The Vine: February 19, 2014
A few years ago, my life went off the rails in a pretty spectacular fashion.
Years of abusing prescription painkillers led to an arrest and the loss of my job of over a decade. Cut to a year or so later, where the fallout from this has settled and I've gotten things back on track. I promptly got into a major car accident involving massive property damage and talk of how it was a miracle that I walked away from it. (I should note here that while I was at fault, it was due to a medical condition and not due to being under the influence — I was 100 percent sober when this happened.)
Here's the fun part. The above incidents all made the paper, so my name appeared in the paper three times over the span of a year. (Two articles had me as the main focus, one was just a passing mention.) So not only did I get to deal with everything that happened, I got the joy of knowing that the whole town knew all the gory details.

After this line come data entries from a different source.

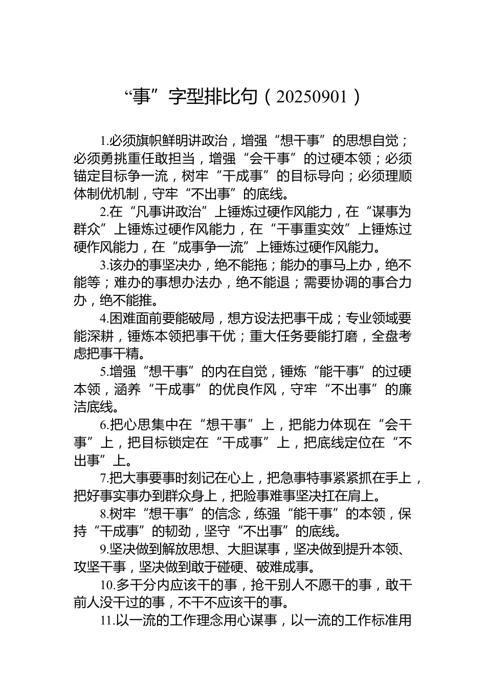 “事”字型排比句(20250901)1.必須旗幟鮮明講政治,增強(qiáng)“想干事”的思想自覺;必須勇挑重任敢擔(dān)當(dāng),增強(qiáng)“會干事”的過硬本領(lǐng);必須錨定目標(biāo)爭一流,樹牢“干成事”的目標(biāo)導(dǎo)向;必須理順體制優(yōu)機(jī)制,守牢“不出事”的底線。2.在“凡事講政治”上錘煉過硬作風(fēng)能力,在“謀事為群眾”上錘煉過硬作風(fēng)能力,在“干事重實(shí)效”上錘煉過硬作風(fēng)能力,在“成事爭一流”上錘煉過硬作風(fēng)能力。3.該辦的事堅(jiān)決辦,絕不能拖;能辦的事馬上辦,絕不能等;難辦的事想辦法辦,絕不能退;需要協(xié)調(diào)的事合力辦,絕不能推。4.困難面前要能破局,想方設(shè)法把事干成;專業(yè)領(lǐng)域要能深耕,錘煉本...
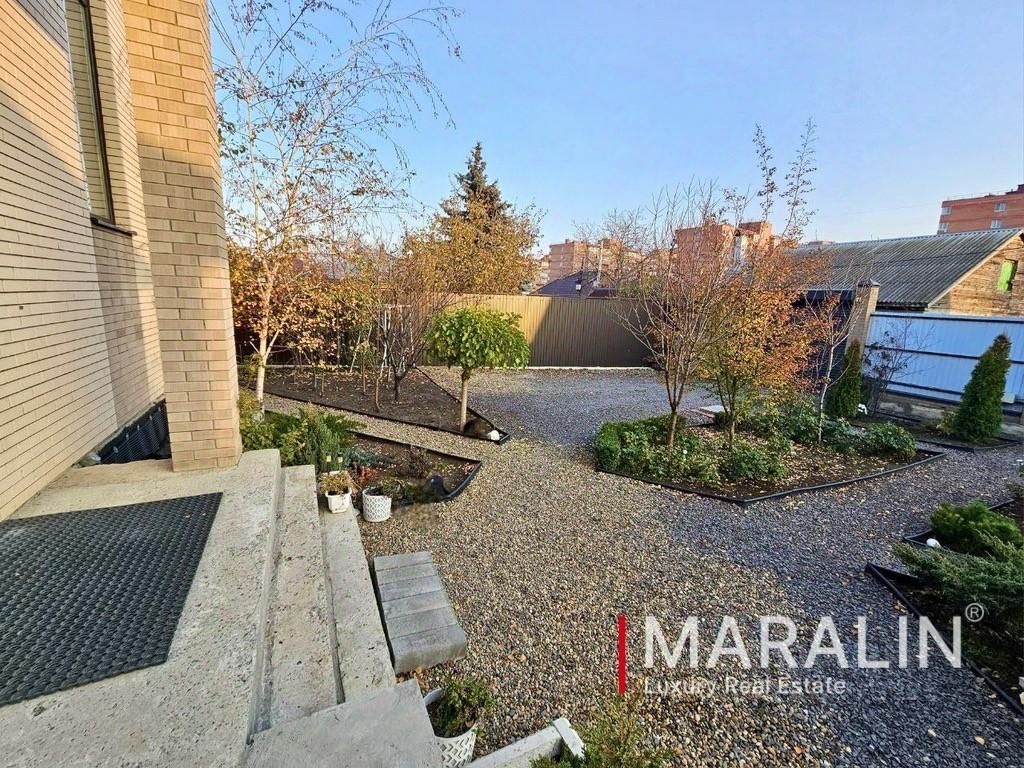 Участок благоустроен: есть место для бассейна, высажены плодовые и декоративные деревья и цветы. Также имеется въезд на 6 автомобилей. За домом расположена дренажная система. Есть возможность расширения участка. Асфальтированная улица. Развитая инфраструктура.
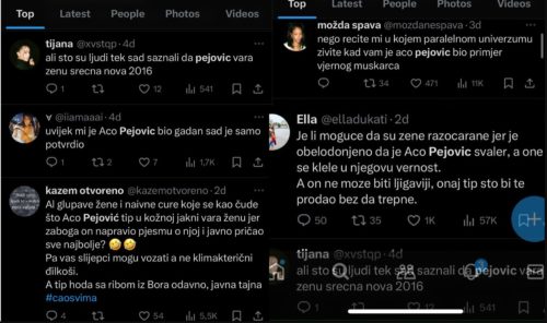 -Je li moguće da su žene razočarane jer je obelodanjeno da je Aco Pejović švaler, a one klele u njegovu vernost”. “Nego, recite mi u kojem paralelnom univerzumu živite kada vam je Aco Pejović bio primer vernog muškarca”.”Al, što su ljudi tek sada saznali da Pejović vara ženu, srećna nova 2016. godina”,”Uvek mi je Aco Pejovic bio gadan, sad je samo potvrdio”-samo su neki od mnoštvo komentara i konstatacija.
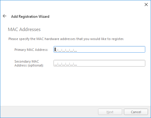 MAC Addresses – Specify the MAC hardware addresses that you would like to register.
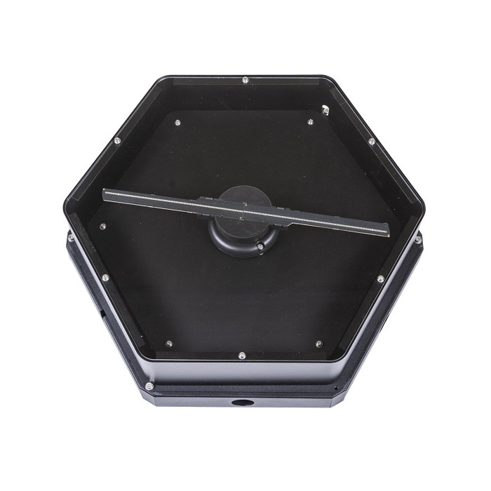 Интерактивный модуль для оформления зон рекреации, кабинетов, IT-полигона, библиотеки, медиа зоны. Модуль демонстрирукт эффект трехмерной голографической визуализации. Выполнен в форме шестиугольной призмы с интерактивным наполнением.
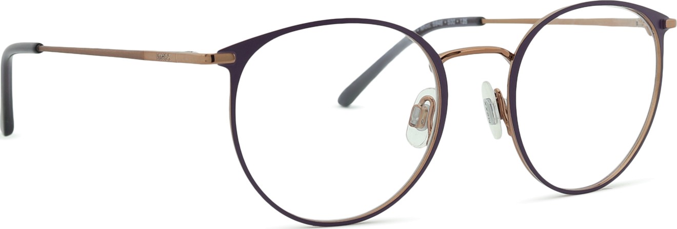 - A cor púrpura da armação combina perfeitamente com um tom de pele claro e um cabelo preto, cinzento, branco ou loiro claro.
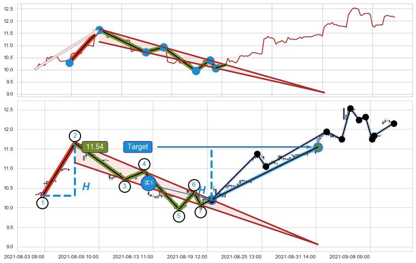 ➢ 最小中继整理涨幅→𝐇: 1.3450 (𝐇楔型旗杆的长度:楔型起点→顶点)
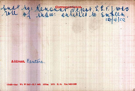 1920 Dec 15. Joined ADRIC with service no 1262. Posted to E Coy
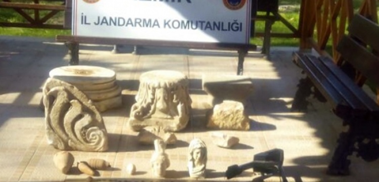 Tarihi eser pazarlamaya çalışan 2 kişi; 6 taş eser, 20 sikke, bir yer ölçüm cihazı, mercek pusula, bir dedektör ve kazı malzemeleri ile yakalandı.
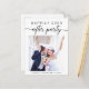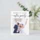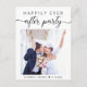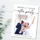 Convite de recepção e anúncio de casamento privado ou fuga moderna em cartão postal. A frente apresenta sua foto, "Festa Feliz para Sempre" em uma mistura de tipografia simples e um script moderno com floreios e seus nomes e data de casamento. No verso, personalize seu anúncio e convite e adicione seus nomes em um script semelhante a uma assinatura.

I dealt with this in my own way, choosing not the read the articles in question nor the comments on the online articles, and more or less just trying not to think about it too much, beyond the occasional fantasy of moving out of state and changing my name. I've pulled my life together since, have a new job that I'm doing well at, paying my bills, staying sober, etc.
My problem now is this: I am lonely. My best friend of a dozen years decided he was done with me and won't talk to me anymore (I message him from time to time, but he ignores me). I have other very close friends, but they're married and have their own lives. I do see them from time to time, but it doesn't make much of a social life. I also haven't dated for awhile, so I'm in the market for both friends and dating options.
Since we live in the era where everyone Googles each other, I'm afraid to try to meet new people. Remnants of my past problems can still be found online if one does some digging, and it worries me that it'll scare people off. (I have an unusual last name, so I'm pretty easy to find via Google.) I talked to one guy on OKCupid and we got to the "texting each other" stage. Then he asked for my full name. I never heard from him again. I haven't been very active on there since then.
Am I stupid for hoping my best friend might talk to me again? He's sending a pretty clear message by ignoring my emails. but I can't seem to help but try. (Like every six months or so, not an everyday thing.) Do I have any hope of meeting new people and not sending them running away screaming? Lots of people have a past, but not everyone is lucky enough to have a paper trail of said past that's easily accessible to anyone who cares to look.
If you have anything beyond "sucks to be you," you're a genius.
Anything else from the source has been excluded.